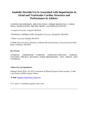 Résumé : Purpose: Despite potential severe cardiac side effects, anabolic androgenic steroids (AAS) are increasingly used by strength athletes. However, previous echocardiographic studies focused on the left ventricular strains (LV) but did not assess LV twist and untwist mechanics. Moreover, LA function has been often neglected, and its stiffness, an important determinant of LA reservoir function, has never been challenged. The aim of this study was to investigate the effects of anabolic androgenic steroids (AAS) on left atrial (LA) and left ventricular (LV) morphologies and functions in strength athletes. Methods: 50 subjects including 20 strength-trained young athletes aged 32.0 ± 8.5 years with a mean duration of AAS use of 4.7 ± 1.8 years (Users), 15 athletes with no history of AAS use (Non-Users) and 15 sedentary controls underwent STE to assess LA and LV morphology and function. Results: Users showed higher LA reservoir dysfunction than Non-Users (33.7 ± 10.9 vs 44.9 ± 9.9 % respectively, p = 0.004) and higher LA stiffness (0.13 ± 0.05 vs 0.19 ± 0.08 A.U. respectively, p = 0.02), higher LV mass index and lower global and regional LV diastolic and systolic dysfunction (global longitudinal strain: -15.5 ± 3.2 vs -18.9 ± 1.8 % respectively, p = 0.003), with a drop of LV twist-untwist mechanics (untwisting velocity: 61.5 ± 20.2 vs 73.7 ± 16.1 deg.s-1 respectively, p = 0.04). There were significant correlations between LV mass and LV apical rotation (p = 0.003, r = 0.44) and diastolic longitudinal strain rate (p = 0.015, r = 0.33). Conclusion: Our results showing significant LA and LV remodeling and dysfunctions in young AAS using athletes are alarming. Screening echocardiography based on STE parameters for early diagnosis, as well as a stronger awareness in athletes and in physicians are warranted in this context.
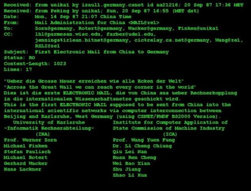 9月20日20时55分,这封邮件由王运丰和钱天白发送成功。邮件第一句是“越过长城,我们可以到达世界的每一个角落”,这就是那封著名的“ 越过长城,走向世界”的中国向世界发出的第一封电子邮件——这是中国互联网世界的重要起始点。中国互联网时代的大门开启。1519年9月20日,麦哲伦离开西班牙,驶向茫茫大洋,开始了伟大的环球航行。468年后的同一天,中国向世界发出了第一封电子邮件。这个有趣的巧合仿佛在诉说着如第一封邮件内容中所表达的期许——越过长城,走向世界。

---

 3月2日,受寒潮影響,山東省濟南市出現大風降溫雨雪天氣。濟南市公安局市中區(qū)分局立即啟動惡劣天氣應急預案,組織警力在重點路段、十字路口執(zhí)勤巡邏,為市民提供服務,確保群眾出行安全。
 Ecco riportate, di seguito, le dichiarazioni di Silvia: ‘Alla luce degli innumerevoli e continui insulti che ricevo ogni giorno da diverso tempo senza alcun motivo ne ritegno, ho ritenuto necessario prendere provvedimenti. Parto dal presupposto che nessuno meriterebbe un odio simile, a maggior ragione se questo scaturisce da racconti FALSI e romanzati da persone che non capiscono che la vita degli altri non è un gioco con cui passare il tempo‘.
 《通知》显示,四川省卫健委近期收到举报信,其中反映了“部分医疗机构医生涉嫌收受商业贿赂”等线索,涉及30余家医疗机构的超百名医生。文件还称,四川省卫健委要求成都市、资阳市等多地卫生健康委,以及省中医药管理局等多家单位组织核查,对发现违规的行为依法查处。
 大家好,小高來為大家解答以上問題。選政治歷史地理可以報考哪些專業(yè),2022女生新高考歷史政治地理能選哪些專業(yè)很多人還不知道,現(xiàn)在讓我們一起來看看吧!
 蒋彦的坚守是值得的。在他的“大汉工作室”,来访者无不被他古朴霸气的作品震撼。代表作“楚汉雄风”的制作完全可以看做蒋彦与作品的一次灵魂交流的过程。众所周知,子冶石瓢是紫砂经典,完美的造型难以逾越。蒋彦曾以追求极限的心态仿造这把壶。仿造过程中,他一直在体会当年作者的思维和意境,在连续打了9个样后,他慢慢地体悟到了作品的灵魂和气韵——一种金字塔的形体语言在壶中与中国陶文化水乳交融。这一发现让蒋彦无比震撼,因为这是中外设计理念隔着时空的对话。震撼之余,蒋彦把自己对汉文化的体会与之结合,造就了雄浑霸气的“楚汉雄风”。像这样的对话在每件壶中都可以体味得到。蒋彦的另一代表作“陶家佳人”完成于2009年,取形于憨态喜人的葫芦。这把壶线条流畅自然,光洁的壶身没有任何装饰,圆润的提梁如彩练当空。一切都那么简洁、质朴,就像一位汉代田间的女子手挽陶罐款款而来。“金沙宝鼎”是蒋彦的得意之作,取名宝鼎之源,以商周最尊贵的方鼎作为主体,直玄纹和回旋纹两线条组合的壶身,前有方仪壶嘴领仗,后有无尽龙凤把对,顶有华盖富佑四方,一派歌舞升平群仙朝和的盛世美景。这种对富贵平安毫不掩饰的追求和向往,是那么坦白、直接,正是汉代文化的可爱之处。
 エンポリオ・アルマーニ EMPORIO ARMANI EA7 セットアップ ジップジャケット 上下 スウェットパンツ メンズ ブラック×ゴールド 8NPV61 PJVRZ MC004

==

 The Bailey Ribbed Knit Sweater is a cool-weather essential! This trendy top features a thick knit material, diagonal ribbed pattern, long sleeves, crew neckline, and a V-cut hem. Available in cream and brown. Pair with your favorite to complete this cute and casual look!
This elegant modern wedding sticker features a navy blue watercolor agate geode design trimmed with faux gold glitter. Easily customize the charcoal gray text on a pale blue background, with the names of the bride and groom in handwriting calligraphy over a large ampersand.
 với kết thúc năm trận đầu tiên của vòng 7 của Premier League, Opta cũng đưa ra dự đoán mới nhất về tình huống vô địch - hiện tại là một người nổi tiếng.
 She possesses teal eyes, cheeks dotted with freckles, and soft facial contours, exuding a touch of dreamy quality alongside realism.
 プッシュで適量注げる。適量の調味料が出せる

### Work order
Copy the records above exactly, beginning at the line that contains "The Bailey Ribbed" and stopping after the line that contains "プッシュで適量注げる。適量の調味料が出せる".

### Answer below
 The Bailey Ribbed Knit Sweater is a cool-weather essential! This trendy top features a thick knit material, diagonal ribbed pattern, long sleeves, crew neckline, and a V-cut hem. Available in cream and brown. Pair with your favorite to complete this cute and casual look!
This elegant modern wedding sticker features a navy blue watercolor agate geode design trimmed with faux gold glitter. Easily customize the charcoal gray text on a pale blue background, with the names of the bride and groom in handwriting calligraphy over a large ampersand.
 với kết thúc năm trận đầu tiên của vòng 7 của Premier League, Opta cũng đưa ra dự đoán mới nhất về tình huống vô địch - hiện tại là một người nổi tiếng.
 She possesses teal eyes, cheeks dotted with freckles, and soft facial contours, exuding a touch of dreamy quality alongside realism.
 プッシュで適量注げる。適量の調味料が出せる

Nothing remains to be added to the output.